Exercise
From the line holding "12. Measure the" through the line holding "- Kích cỡ : Đủ size từ 40 - 75kg" below, write out every line exactly; include both of those lines and drop the pictures.

Records supplied

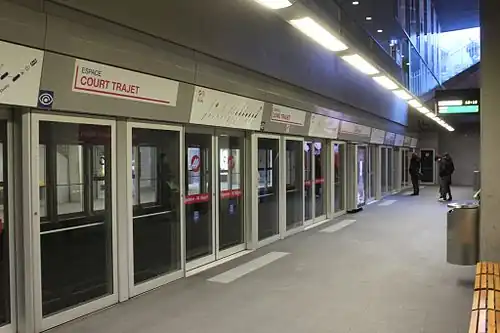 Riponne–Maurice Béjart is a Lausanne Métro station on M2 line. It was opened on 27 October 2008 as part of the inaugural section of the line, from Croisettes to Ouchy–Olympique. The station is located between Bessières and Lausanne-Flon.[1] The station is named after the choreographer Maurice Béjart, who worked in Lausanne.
==
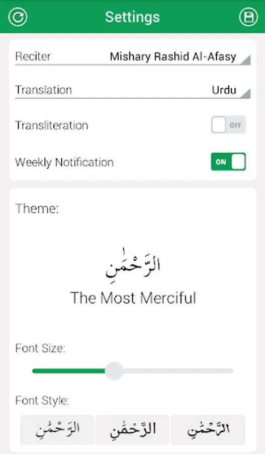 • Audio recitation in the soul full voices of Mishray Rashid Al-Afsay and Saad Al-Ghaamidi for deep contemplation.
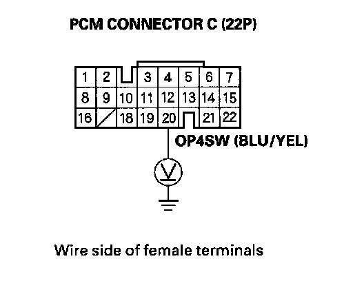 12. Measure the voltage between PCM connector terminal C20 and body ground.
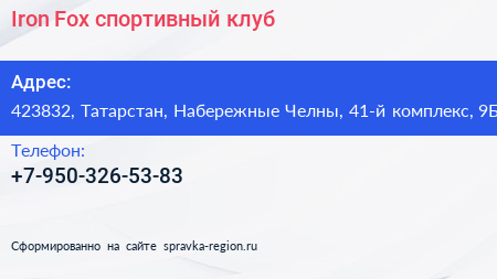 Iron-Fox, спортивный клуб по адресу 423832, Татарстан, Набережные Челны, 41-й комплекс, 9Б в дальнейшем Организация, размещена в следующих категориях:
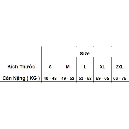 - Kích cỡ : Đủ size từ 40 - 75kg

Problem solution
 12. Measure the voltage between PCM connector terminal C20 and body ground.
 Iron-Fox, спортивный клуб по адресу 423832, Татарстан, Набережные Челны, 41-й комплекс, 9Б в дальнейшем Организация, размещена в следующих категориях:
 - Kích cỡ : Đủ size từ 40 - 75kg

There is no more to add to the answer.